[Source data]
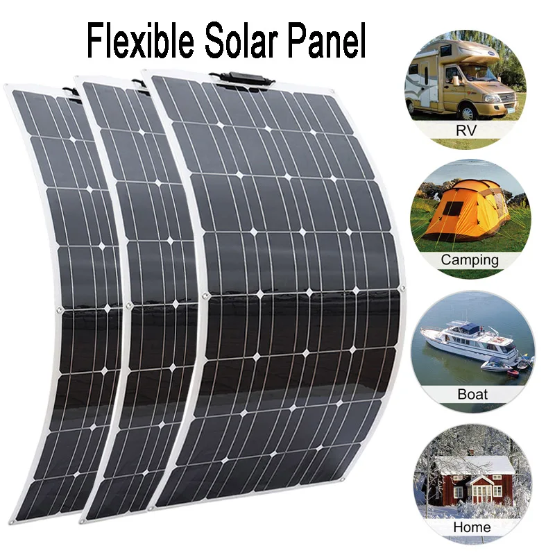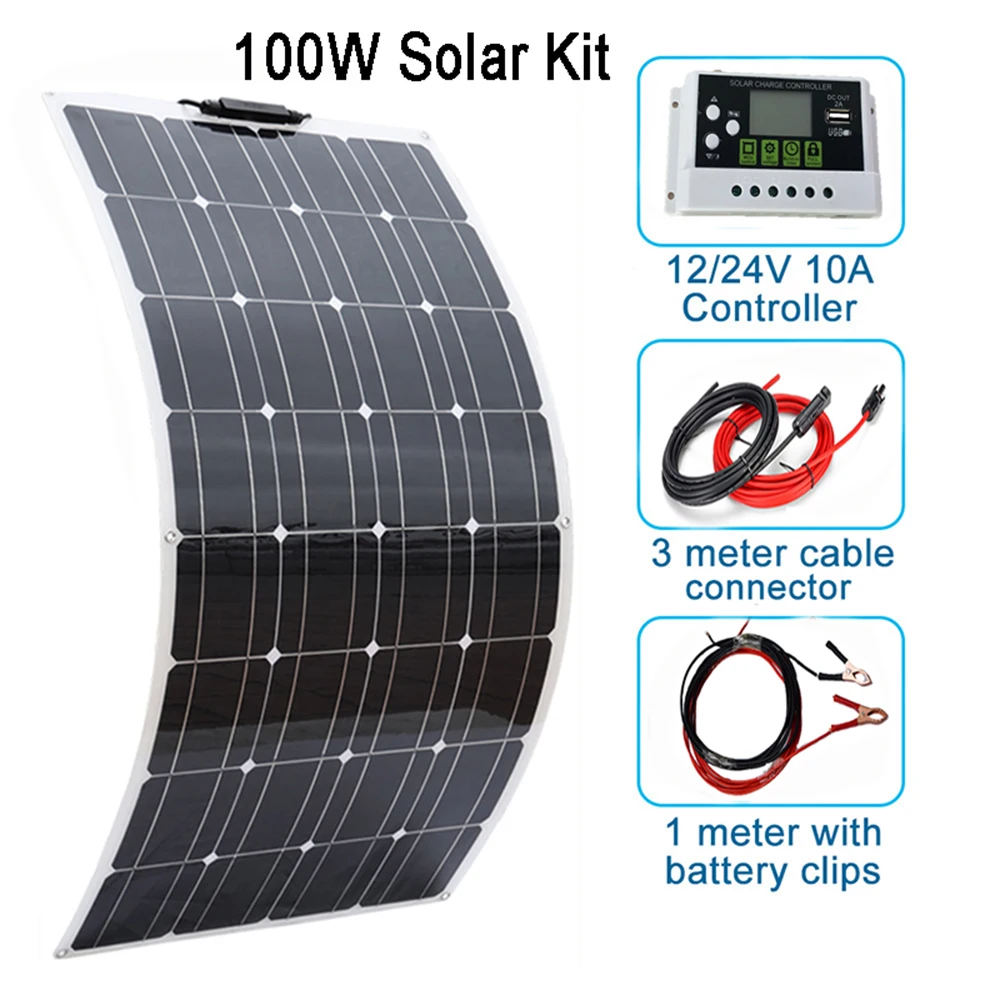 100 Вт 18 в 12 В гибкие солнечные панели с разъемами для 12 В аккумуляторных батарей для дома/кемпинга/автомобиля/лодки.
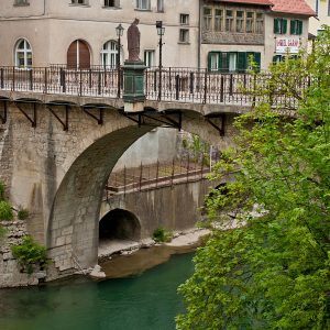 Tako daleč nisem šla. Obrnila sem se in šla za avtobusno postajo spet po mostu, ki pa mu menda pravijo brvca. Prišla sem na Mestni trg. Razširjeni cesti podoben trg je bil nekdaj središče družabnega in gospodarskega življenja.
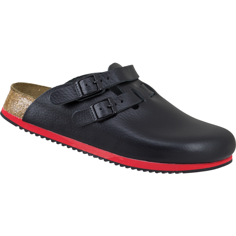 Lederen materiaal, Kurk/latex extra zachte anatomische gevormde suede voetbed, antislip rubberen zool met EVA tussenzool, Olie en vetbestendig, Omklapbare hielriemen.Normale leest
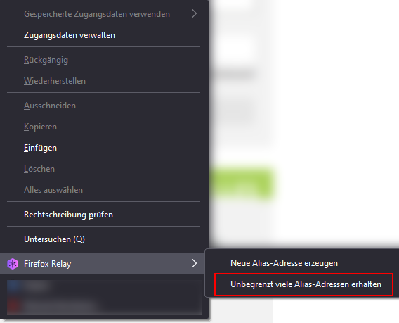 .Ich habe es jetzt überprüft und ein "schwachsinniges" Verhalten konnte ich nicht bestätigen, ganz im Gegenteil: Ein Untermenü erscheint ausschließlich, wenn es mindestens zwei Einträge von Firefox Relay gibt. Das ist definitiv sinnvoll, damit die Erweiterung das Kontextmenü nicht zumüllt. Gibt es nur einen Menüeintrag, erscheint dieser auch auf der ersten Ebene. Und das ist auch kein Verhalten, welches das Team von Firefox Relay so entschieden hätte. Das kommt vom WebExtension-Framework. Alle Erweiterungen mit Kontextmenü verhalten sich so. Mozilla hat sich hier selbst keine Vorzugsbehandlung gegeben.
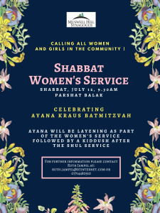 This event has passed. Shabbat Women’s Service Celebrating Ayana Kraus Batmitzvah Sat. 12 July , 9:30 am + Google Calendar+ Add to iCalendar

• [Required work]: Pictures stay out. Return exactly the lines from the one with "Tako daleč nisem" through the last line of the data.

• [Answer to the problem]:
 Tako daleč nisem šla. Obrnila sem se in šla za avtobusno postajo spet po mostu, ki pa mu menda pravijo brvca. Prišla sem na Mestni trg. Razširjeni cesti podoben trg je bil nekdaj središče družabnega in gospodarskega življenja.
 Lederen materiaal, Kurk/latex extra zachte anatomische gevormde suede voetbed, antislip rubberen zool met EVA tussenzool, Olie en vetbestendig, Omklapbare hielriemen.Normale leest
 .Ich habe es jetzt überprüft und ein "schwachsinniges" Verhalten konnte ich nicht bestätigen, ganz im Gegenteil: Ein Untermenü erscheint ausschließlich, wenn es mindestens zwei Einträge von Firefox Relay gibt. Das ist definitiv sinnvoll, damit die Erweiterung das Kontextmenü nicht zumüllt. Gibt es nur einen Menüeintrag, erscheint dieser auch auf der ersten Ebene. Und das ist auch kein Verhalten, welches das Team von Firefox Relay so entschieden hätte. Das kommt vom WebExtension-Framework. Alle Erweiterungen mit Kontextmenü verhalten sich so. Mozilla hat sich hier selbst keine Vorzugsbehandlung gegeben.
 This event has passed. Shabbat Women’s Service Celebrating Ayana Kraus Batmitzvah Sat. 12 July , 9:30 am + Google Calendar+ Add to iCalendar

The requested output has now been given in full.